- _Material to process_:

▼▼▼

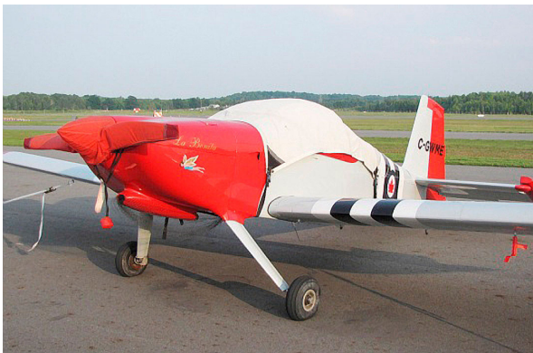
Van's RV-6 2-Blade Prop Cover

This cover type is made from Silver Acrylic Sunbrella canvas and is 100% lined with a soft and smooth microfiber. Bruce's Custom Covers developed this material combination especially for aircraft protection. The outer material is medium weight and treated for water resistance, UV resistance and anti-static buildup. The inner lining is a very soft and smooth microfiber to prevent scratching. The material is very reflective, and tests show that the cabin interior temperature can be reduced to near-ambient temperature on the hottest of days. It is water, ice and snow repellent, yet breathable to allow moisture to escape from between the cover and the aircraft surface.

▲▲▲
▼▼▼

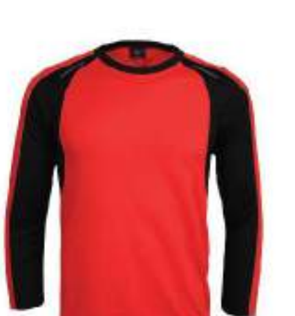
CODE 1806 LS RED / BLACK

▲▲▲
▼▼▼

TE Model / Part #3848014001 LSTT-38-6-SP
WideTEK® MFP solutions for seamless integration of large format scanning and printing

▲▲▲

- _Problem description_:
Where the listing above reaches the line that contains "TE Model / Part #3848014001 LSTT-38-6-SP", start retyping, and finish with the line that contains "WideTEK® MFP solutions"; reproduce those lines exactly and no others.

- _Response area_:
TE Model / Part #3848014001 LSTT-38-6-SP
WideTEK® MFP solutions for seamless integration of large format scanning and printing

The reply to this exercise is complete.